Segment Start: Records

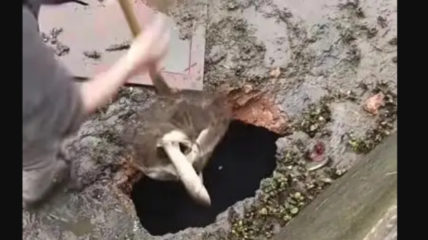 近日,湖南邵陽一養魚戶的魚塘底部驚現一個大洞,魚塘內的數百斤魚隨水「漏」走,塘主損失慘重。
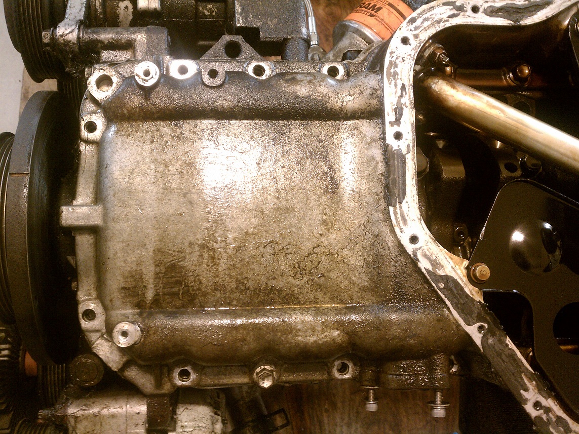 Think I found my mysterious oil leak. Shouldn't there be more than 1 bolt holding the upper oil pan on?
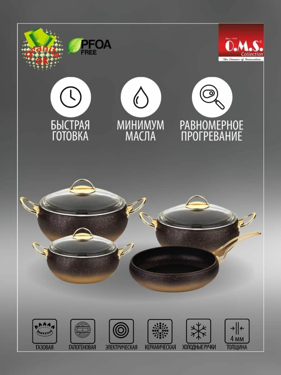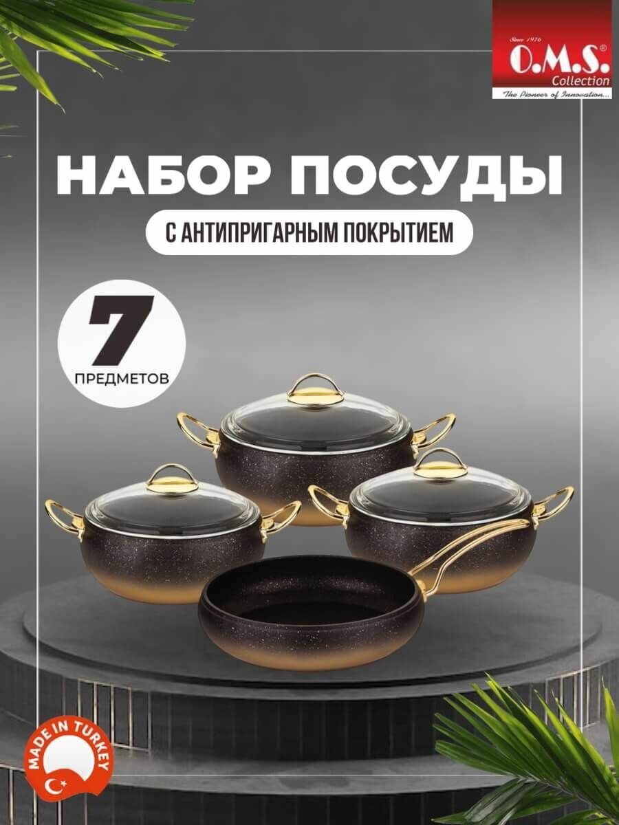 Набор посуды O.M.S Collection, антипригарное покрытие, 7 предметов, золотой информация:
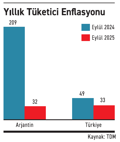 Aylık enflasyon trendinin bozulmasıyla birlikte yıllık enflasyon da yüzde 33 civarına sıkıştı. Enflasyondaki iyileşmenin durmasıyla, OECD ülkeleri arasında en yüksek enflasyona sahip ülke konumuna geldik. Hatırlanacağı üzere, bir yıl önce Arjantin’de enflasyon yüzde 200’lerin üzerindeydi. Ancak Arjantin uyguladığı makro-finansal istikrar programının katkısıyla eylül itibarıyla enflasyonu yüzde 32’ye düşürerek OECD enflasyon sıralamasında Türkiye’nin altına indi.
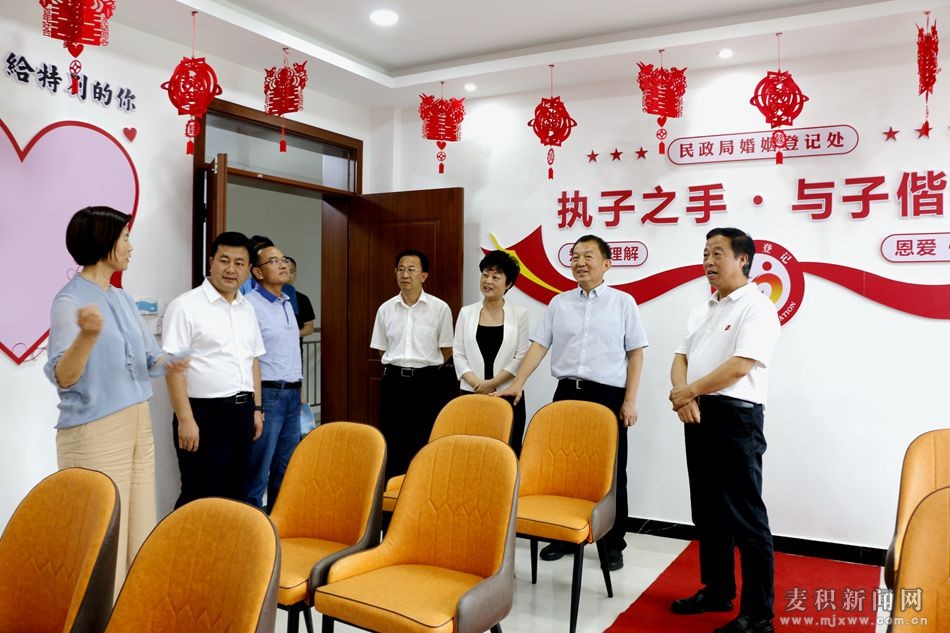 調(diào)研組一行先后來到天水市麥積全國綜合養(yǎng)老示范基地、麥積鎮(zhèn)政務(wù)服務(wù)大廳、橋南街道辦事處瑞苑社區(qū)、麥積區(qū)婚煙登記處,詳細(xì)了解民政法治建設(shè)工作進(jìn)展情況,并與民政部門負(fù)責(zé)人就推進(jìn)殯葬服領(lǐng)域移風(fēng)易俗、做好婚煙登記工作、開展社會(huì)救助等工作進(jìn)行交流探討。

Segment End: Records

▶ _Work item_: Restate each entry exactly, omitting pictures.

▶ _Answer space_:
 近日,湖南邵陽一養魚戶的魚塘底部驚現一個大洞,魚塘內的數百斤魚隨水「漏」走,塘主損失慘重。
 Think I found my mysterious oil leak. Shouldn't there be more than 1 bolt holding the upper oil pan on?
 Набор посуды O.M.S Collection, антипригарное покрытие, 7 предметов, золотой информация:
 Aylık enflasyon trendinin bozulmasıyla birlikte yıllık enflasyon da yüzde 33 civarına sıkıştı. Enflasyondaki iyileşmenin durmasıyla, OECD ülkeleri arasında en yüksek enflasyona sahip ülke konumuna geldik. Hatırlanacağı üzere, bir yıl önce Arjantin’de enflasyon yüzde 200’lerin üzerindeydi. Ancak Arjantin uyguladığı makro-finansal istikrar programının katkısıyla eylül itibarıyla enflasyonu yüzde 32’ye düşürerek OECD enflasyon sıralamasında Türkiye’nin altına indi.
 調(diào)研組一行先后來到天水市麥積全國綜合養(yǎng)老示范基地、麥積鎮(zhèn)政務(wù)服務(wù)大廳、橋南街道辦事處瑞苑社區(qū)、麥積區(qū)婚煙登記處,詳細(xì)了解民政法治建設(shè)工作進(jìn)展情況,并與民政部門負(fù)責(zé)人就推進(jìn)殯葬服領(lǐng)域移風(fēng)易俗、做好婚煙登記工作、開展社會(huì)救助等工作進(jìn)行交流探討。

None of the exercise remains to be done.